[Stored data]
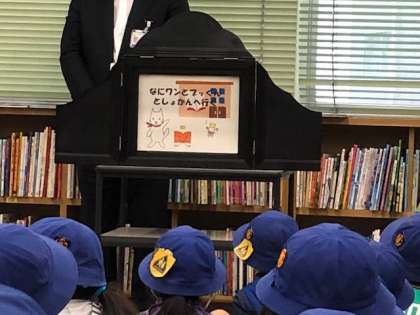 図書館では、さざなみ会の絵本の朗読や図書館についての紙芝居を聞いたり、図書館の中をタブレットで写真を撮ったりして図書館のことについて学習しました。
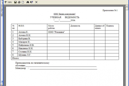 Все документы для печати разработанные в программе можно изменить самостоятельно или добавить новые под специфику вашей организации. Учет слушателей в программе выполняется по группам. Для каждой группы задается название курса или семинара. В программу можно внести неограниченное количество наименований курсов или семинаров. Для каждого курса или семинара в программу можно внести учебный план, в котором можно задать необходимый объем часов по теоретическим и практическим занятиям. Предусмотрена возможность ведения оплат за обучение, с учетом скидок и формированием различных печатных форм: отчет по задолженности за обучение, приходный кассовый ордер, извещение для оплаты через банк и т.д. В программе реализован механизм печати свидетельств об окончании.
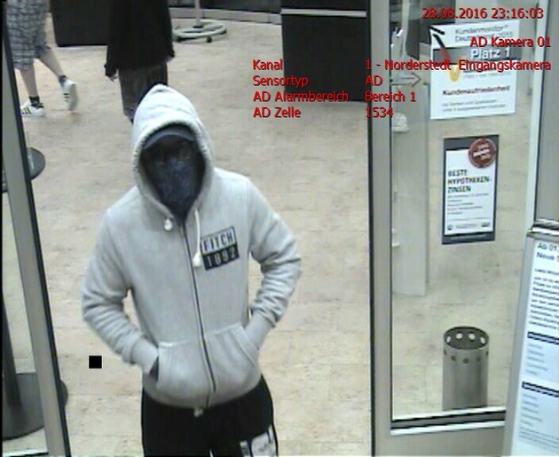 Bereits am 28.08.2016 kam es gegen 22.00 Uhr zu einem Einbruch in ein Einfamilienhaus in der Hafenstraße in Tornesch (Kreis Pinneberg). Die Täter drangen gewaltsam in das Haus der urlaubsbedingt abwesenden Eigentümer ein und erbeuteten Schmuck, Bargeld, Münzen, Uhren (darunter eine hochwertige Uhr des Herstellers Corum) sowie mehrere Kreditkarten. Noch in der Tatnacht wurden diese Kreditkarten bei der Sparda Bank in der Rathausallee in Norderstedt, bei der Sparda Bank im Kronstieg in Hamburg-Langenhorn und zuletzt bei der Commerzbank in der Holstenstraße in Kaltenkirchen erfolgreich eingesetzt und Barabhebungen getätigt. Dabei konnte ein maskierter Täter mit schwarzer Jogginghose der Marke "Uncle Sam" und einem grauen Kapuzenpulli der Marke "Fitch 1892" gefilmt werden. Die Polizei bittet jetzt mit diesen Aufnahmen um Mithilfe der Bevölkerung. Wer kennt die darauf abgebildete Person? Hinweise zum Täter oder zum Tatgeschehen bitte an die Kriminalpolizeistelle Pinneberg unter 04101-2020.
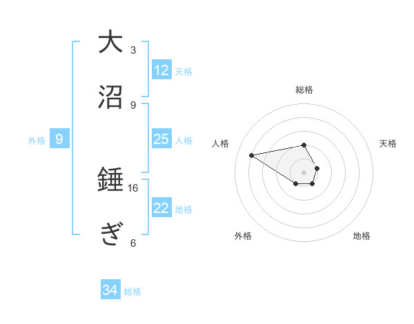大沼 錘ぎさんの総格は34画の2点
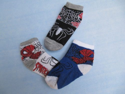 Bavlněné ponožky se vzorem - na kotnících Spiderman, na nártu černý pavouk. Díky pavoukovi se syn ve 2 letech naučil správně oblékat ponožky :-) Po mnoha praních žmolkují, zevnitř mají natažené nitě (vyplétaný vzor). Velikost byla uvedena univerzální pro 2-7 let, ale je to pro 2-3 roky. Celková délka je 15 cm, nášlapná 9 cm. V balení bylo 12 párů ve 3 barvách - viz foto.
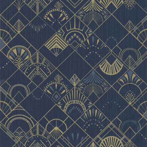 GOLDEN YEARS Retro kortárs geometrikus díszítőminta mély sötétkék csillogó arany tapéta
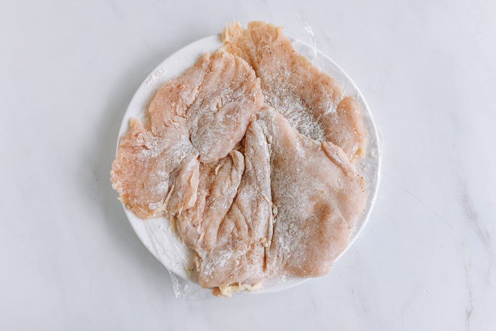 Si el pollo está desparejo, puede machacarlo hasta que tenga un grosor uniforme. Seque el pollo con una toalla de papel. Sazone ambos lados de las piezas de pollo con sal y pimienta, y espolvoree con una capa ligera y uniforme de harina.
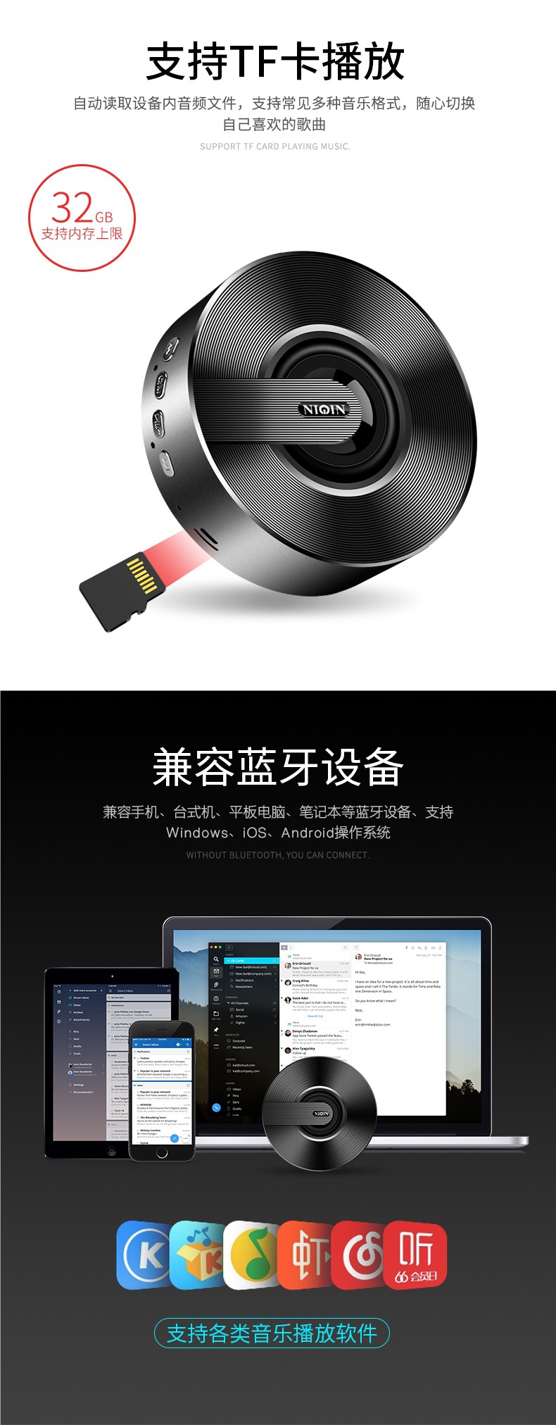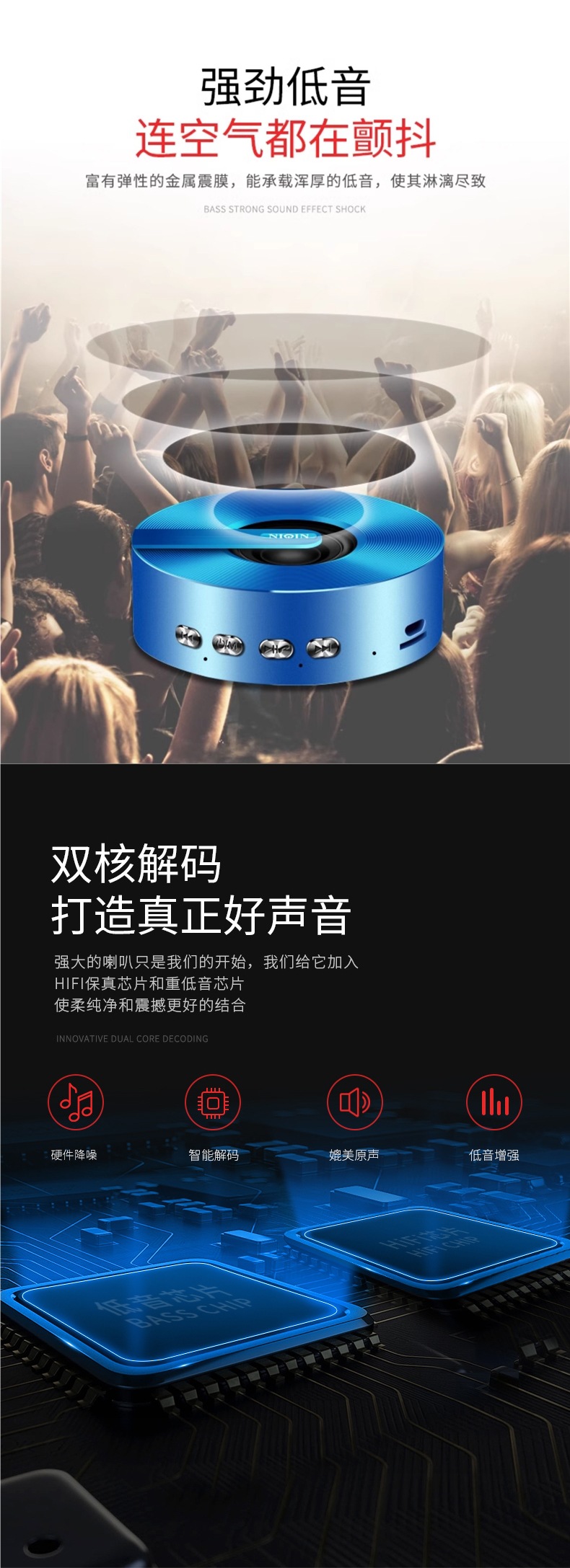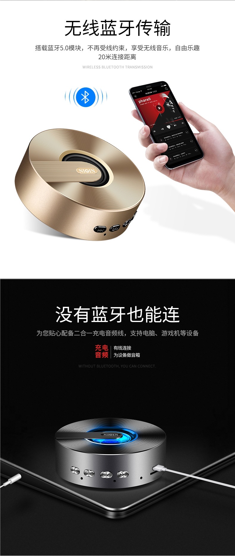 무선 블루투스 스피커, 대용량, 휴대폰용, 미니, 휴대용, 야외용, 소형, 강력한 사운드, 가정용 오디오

__Assignment__:
Only the pictures are to be left out, and all of the data must otherwise be transcribed exactly.

__Solved problem__:
 図書館では、さざなみ会の絵本の朗読や図書館についての紙芝居を聞いたり、図書館の中をタブレットで写真を撮ったりして図書館のことについて学習しました。
 Все документы для печати разработанные в программе можно изменить самостоятельно или добавить новые под специфику вашей организации. Учет слушателей в программе выполняется по группам. Для каждой группы задается название курса или семинара. В программу можно внести неограниченное количество наименований курсов или семинаров. Для каждого курса или семинара в программу можно внести учебный план, в котором можно задать необходимый объем часов по теоретическим и практическим занятиям. Предусмотрена возможность ведения оплат за обучение, с учетом скидок и формированием различных печатных форм: отчет по задолженности за обучение, приходный кассовый ордер, извещение для оплаты через банк и т.д. В программе реализован механизм печати свидетельств об окончании.
 Bereits am 28.08.2016 kam es gegen 22.00 Uhr zu einem Einbruch in ein Einfamilienhaus in der Hafenstraße in Tornesch (Kreis Pinneberg). Die Täter drangen gewaltsam in das Haus der urlaubsbedingt abwesenden Eigentümer ein und erbeuteten Schmuck, Bargeld, Münzen, Uhren (darunter eine hochwertige Uhr des Herstellers Corum) sowie mehrere Kreditkarten. Noch in der Tatnacht wurden diese Kreditkarten bei der Sparda Bank in der Rathausallee in Norderstedt, bei der Sparda Bank im Kronstieg in Hamburg-Langenhorn und zuletzt bei der Commerzbank in der Holstenstraße in Kaltenkirchen erfolgreich eingesetzt und Barabhebungen getätigt. Dabei konnte ein maskierter Täter mit schwarzer Jogginghose der Marke "Uncle Sam" und einem grauen Kapuzenpulli der Marke "Fitch 1892" gefilmt werden. Die Polizei bittet jetzt mit diesen Aufnahmen um Mithilfe der Bevölkerung. Wer kennt die darauf abgebildete Person? Hinweise zum Täter oder zum Tatgeschehen bitte an die Kriminalpolizeistelle Pinneberg unter 04101-2020.
大沼 錘ぎさんの総格は34画の2点
 Bavlněné ponožky se vzorem - na kotnících Spiderman, na nártu černý pavouk. Díky pavoukovi se syn ve 2 letech naučil správně oblékat ponožky :-) Po mnoha praních žmolkují, zevnitř mají natažené nitě (vyplétaný vzor). Velikost byla uvedena univerzální pro 2-7 let, ale je to pro 2-3 roky. Celková délka je 15 cm, nášlapná 9 cm. V balení bylo 12 párů ve 3 barvách - viz foto.
 GOLDEN YEARS Retro kortárs geometrikus díszítőminta mély sötétkék csillogó arany tapéta
 Si el pollo está desparejo, puede machacarlo hasta que tenga un grosor uniforme. Seque el pollo con una toalla de papel. Sazone ambos lados de las piezas de pollo con sal y pimienta, y espolvoree con una capa ligera y uniforme de harina.
 무선 블루투스 스피커, 대용량, 휴대폰용, 미니, 휴대용, 야외용, 소형, 강력한 사운드, 가정용 오디오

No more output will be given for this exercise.